In October, The Associated Press reported Sategna had become the subject of an “ongoing compliance investigation involving personnel matters being conducted by the university's legal affairs office" and the athletic department.
I’m told this is basically an attempt by Plonsky to get rid of Sategna and possibly promote Texas associate head track coach Tonja Buford-Bailey.
I’ll have more reporting soon on what appears to be a history of meddling by Plonsky in the programs she oversees - unless they are coached by women she has a close relationship with - or are coached by a national title winner like women's volleyball coach Jerritt Elliott.
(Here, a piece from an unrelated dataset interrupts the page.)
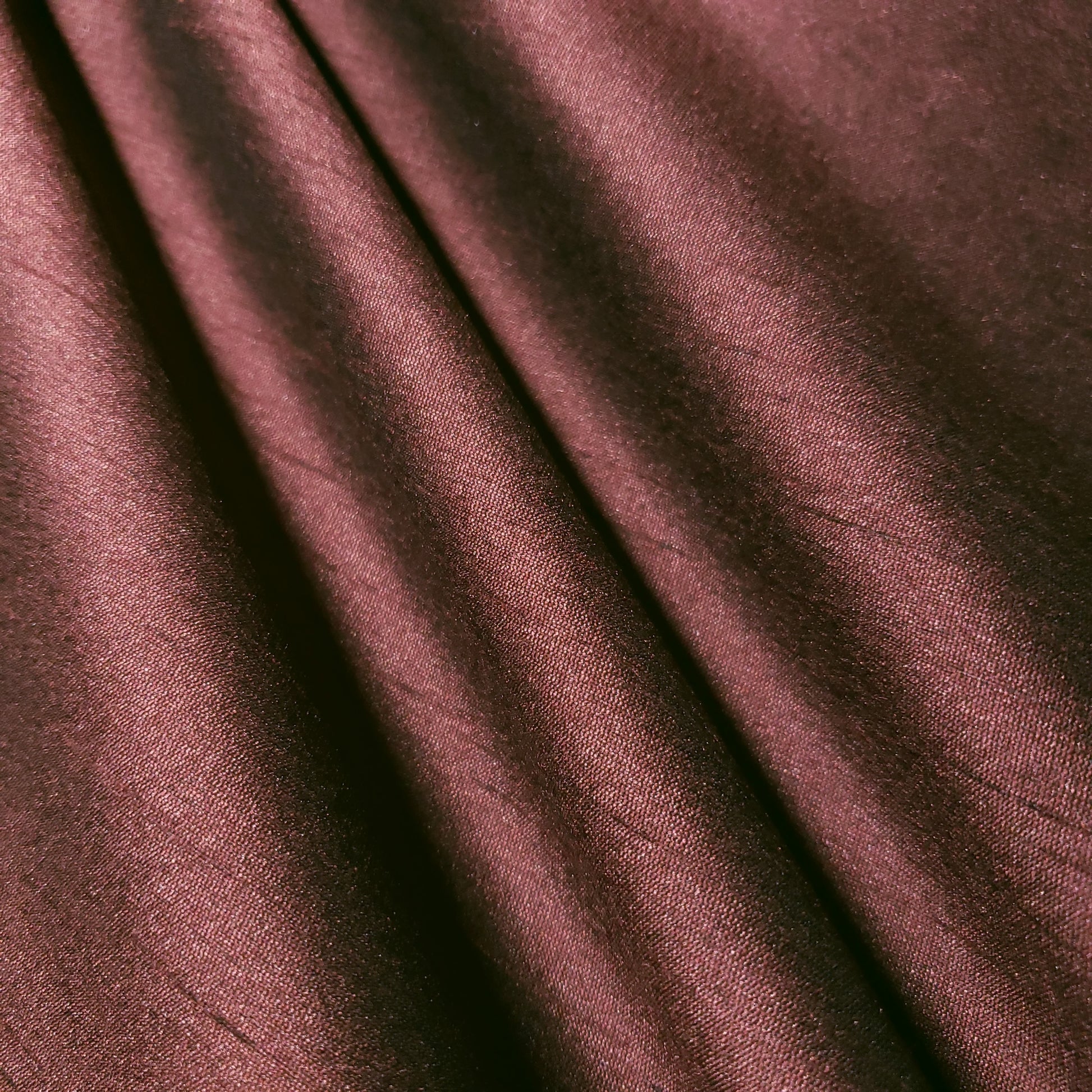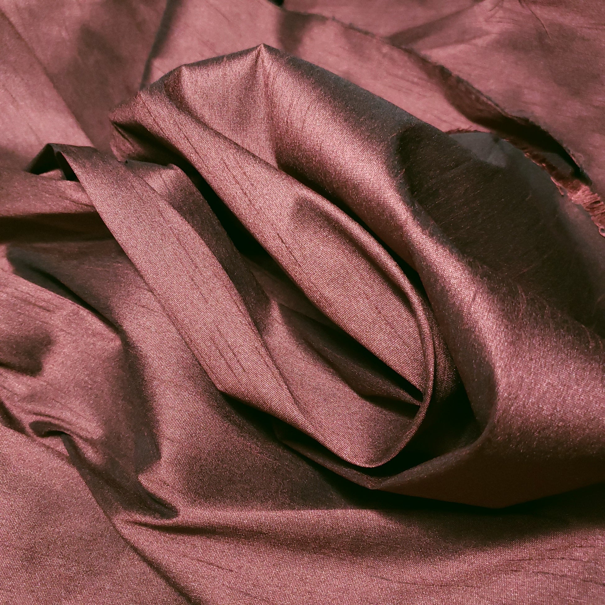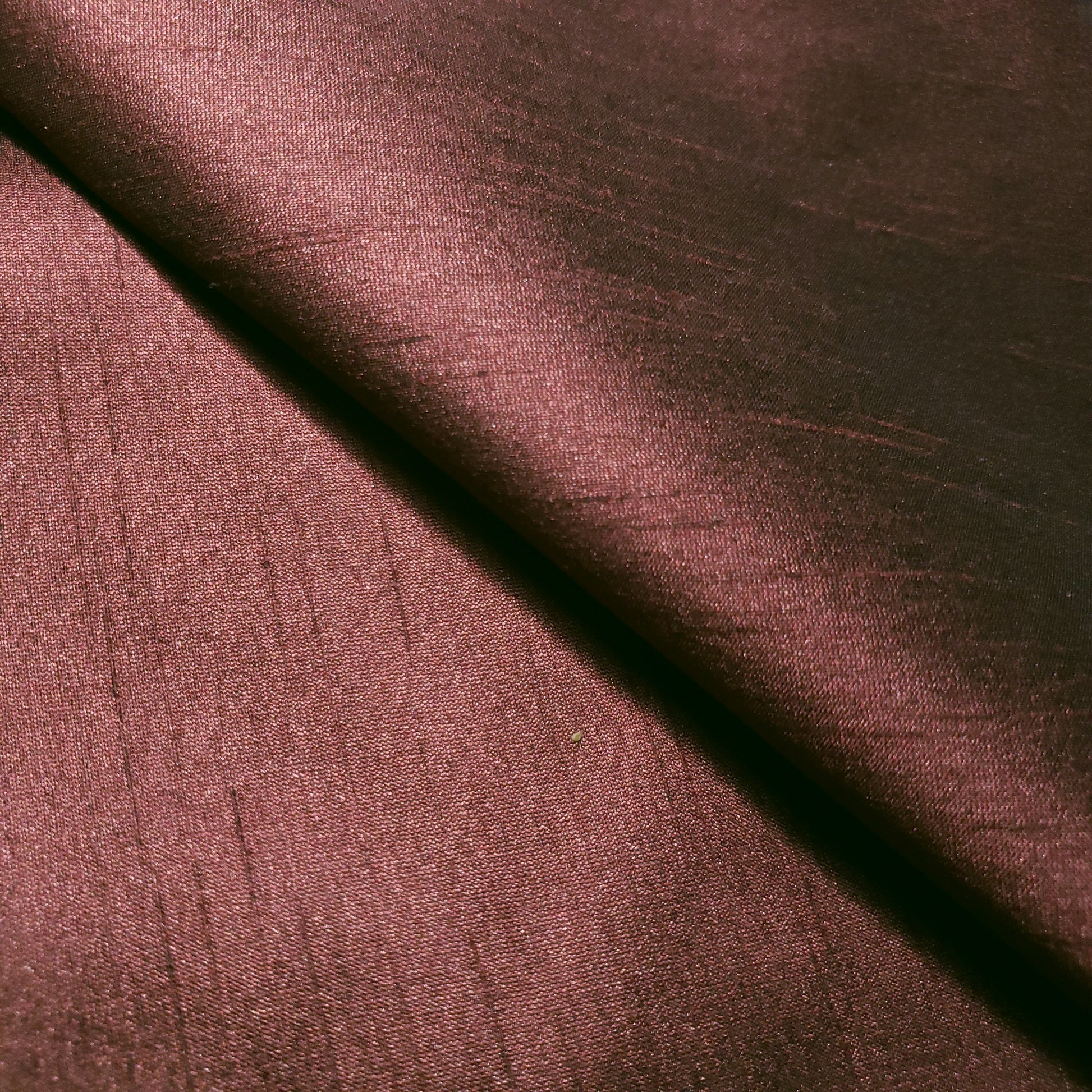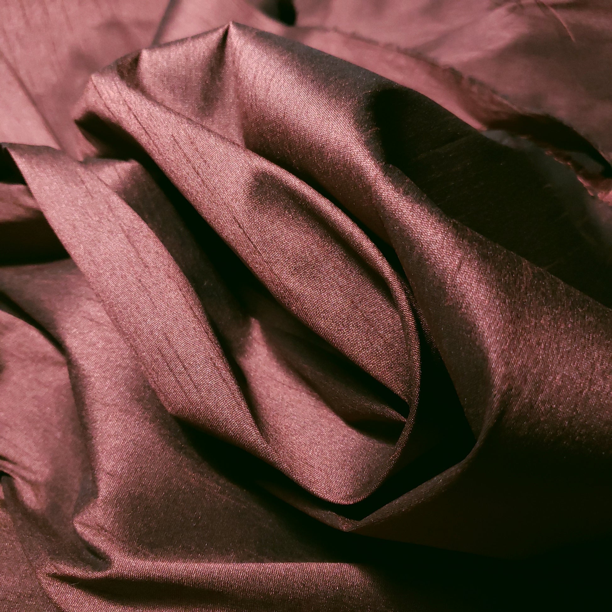 Dupioni fabric is a plain-woven fabric. Using a fine yard on the warp and an uneven yarn on the weft. This creates visual and textural raised thin stripes in the fabric. The thread used here has a subtle sheen to it. giving it a subtle color refracting iridescence.

This contract extension for Angie Kelly, whose team quit on her this year, is some of Plonsky’s most embarrassing work. I guess decisions on the women's soccer coach fly under the radar of regents and big-money donors at a time when the fate of the football coach is all-consuming. But those decisions aren't flying under the radar of those inside Texas women's athletics.